THE BUSH administration’s Wall Street bailout may be a prelude to a sweeping government intervention in the auto industry–even before Barack Obama takes office January 20.
The blocks keep falling. First the housing sector. Then the financial sector. Now the automobile sector. The clear failure of neoliberal capitalism shows us the need to modify how the United States does business.
And if the government does step in to rescue General Motors, Chrysler and Ford–a move backed by top Congressional Democrats–it will raise pressure on Obama to offer government aid to more big companies threatened with bankruptcy and underwrite the restructuring of entire industries.
Capitalist theory tells us that these companies should be allowed to die. The problem is that each of the big three automakers is ailing. Who would have thought it possible, but the spectre of the US’s automobile manufacturing base’ disappearance seems to be real.
CEO Rick Wagoner said that GM can’t file for bankruptcy to get protection from creditors, since consumers are unlikely to buy cars from a bankrupt company. If the company were to go out of business altogether, it would send a wave of job losses through manufacturing and car dealerships that could eliminate 2.5 million jobs and wipe out $125 billion in personal income in just one year, according to the Center for Automotive Research, a think tank with close ties to GM.
Perhaps GM should spin-off several of it’s car lines. Independent ‘new’ auto companies could push new technologies and better cars.

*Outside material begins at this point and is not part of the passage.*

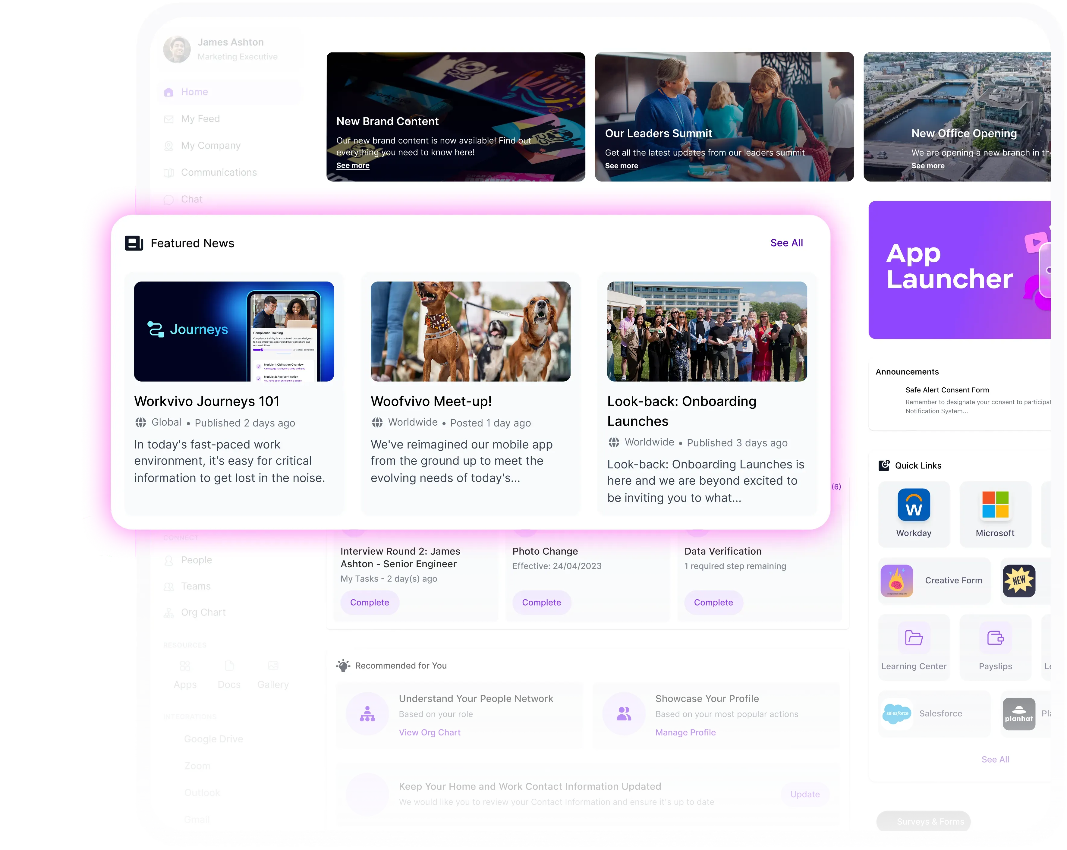 Workvivo sits on top of your existing tech stack; Zoom, Microsoft 365, Google, ServiceNow, Workday and more, unifying fragmented systems into one governed digital workplace.

The other two choices are nationalization or bankruptcy.
“Letting GM go is a terrible idea,” Wagoner said on CNBC. “Look at the effect of Lehman Brothers.”
GM is ‘too big to fail.’ The bosses who’ve run companies into the ground now have a refrain to pitch to Congress. Don’t think that GM, Chrysler and Ford will be the last to do so.
Shuster makes a good point with his last paragraph:
It’s time for organized labor and the left to raise the stakes, especially when the incoming president has been elected on a promise to make the economy benefit working people.
Allowing the bosses to paper over their failures with taxpayer cash is bad for the US. If the US is to pay for these companies’ lives, then the current management should be thrown out. Perhaps it’s time to try the worker run company model as part of the price for saving these companies.